The USDA Prime grade is the highest consumer grade, and only about 2% of all beef produced in the U.S. qualifies as Prime. The USDA assigns quality grades based on the density of marbling (that’s the intramuscular fat) within the beef muscle, specifically, within the rib.
According to USDA standards, Prime grade has “abundant” marbling. Choice and Select grades of beef make up about 70-80% of all beef produced and have marbling density designations of “moderate” and “slight,” respectively.
Therefore, when choosing a roast, the most tender, most flavorful, and juiciest will be the one with the most marbling: Prime grade.
So the bottom line is this: Not all rib roasts are a true prime rib. In fact, in common use, a USDA Choice or Select graded roast are still—mistakenly—referred to as prime rib. Only USDA Prime-graded rib roasts qualify as a true prime rib.
Rib roasts come in three variations, each with its own appeal:
The rib bones are still attached to the eye of the roast. Roasting with the bones on adds flavor. This cut is also referred to as a Standing Rib Roast.
The rib bones are removed. Without the bones, slicing and serving are very easy.
Boned and tied
The name of this roast might be confusing, but if you know that a butcher refers to the process of removing the bones from a cut of meat as “boning” or “boning out” the meat, and the resulting cut is then said to have been “boned” or “boned out,” you’ll understand why this roast is called “boned and tied.” This is the best of both worlds: the rib bones are separated from the eye of the roast and then tied back on with butcher’s twine. This gives the benefit of roasting with the bones for maximum flavor and the convenience of slicing a boneless roast. Once removed from the heat, simply snip the butcher’s twine and lift the eye of the roast off the rack of ribs.
Selecting a Roast
When shopping for a roast in your local supermarket, here are a few points to keep in mind to choose the best of what’s available.
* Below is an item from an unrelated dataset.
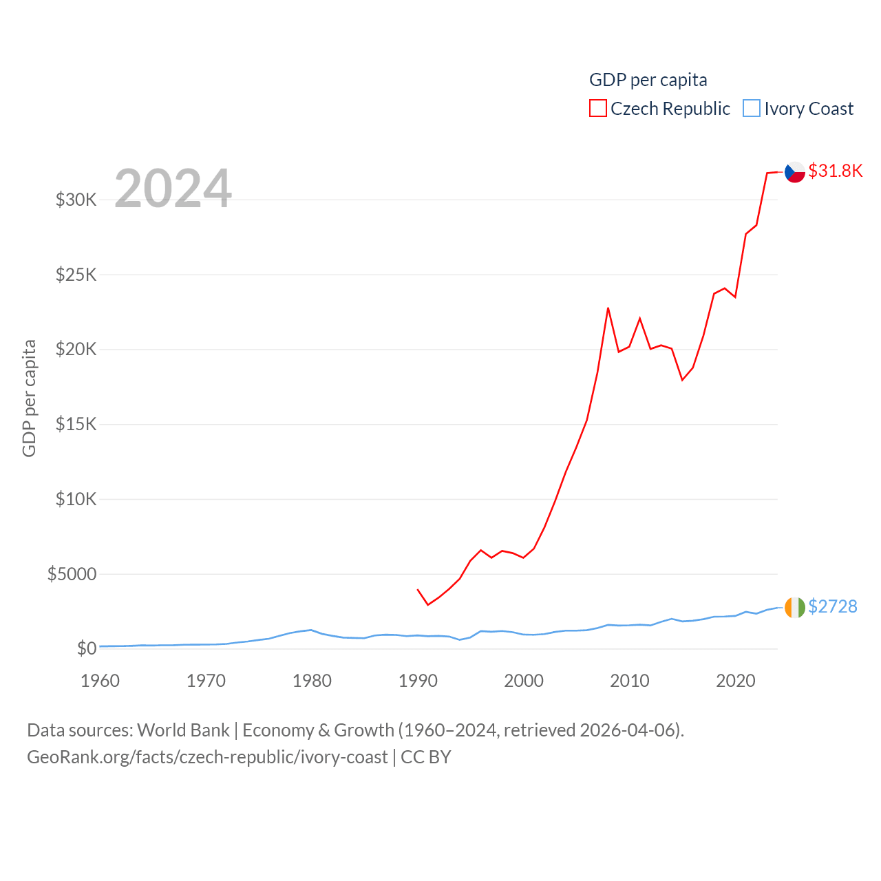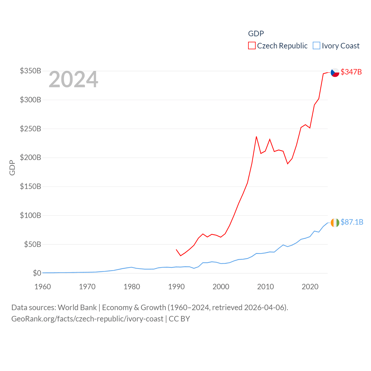 By GDP, The Czech Republic ranks 44/197 ($347B) and Ivory Coast ranks 77/197 ($87.1B). By GDP per capita, The Czech Republic ranks 39/197 ($31,823), while Ivory Coast ranks 142/197 ($2,728).

Look for a roast that has even color throughout. For the flesh, the meat should be cherry red and the fat should be creamy white. Reject any roast that has any off colors, such as blue or green, particularly around the bones.
If the roast is in vacuum-sealed packaging film, expect the color of the roast to be brown. Beef deprived of oxygen turns from red to brown. Once exposed to the atmosphere when the packaging is opened, the beef will “bloom,” that is, it will return to its red color within 15 to 20 minutes.
For the most flavor, tenderness, and juiciness, look for a roast that has the most marbling, the fine lacey-like striations of intramuscular fat running through the roast. Not all roasts are created equal: Even Choice-grade roasts will vary in the amount of marbling they contain—within a certain range. So don’t be afraid to pick through the available roasts to get the one that looks best to you.
Knowing what to look for will ensure that you pick the best available roast. And, when you start out with a great raw rib roast, you can be assured of having a great finished roast for all to share.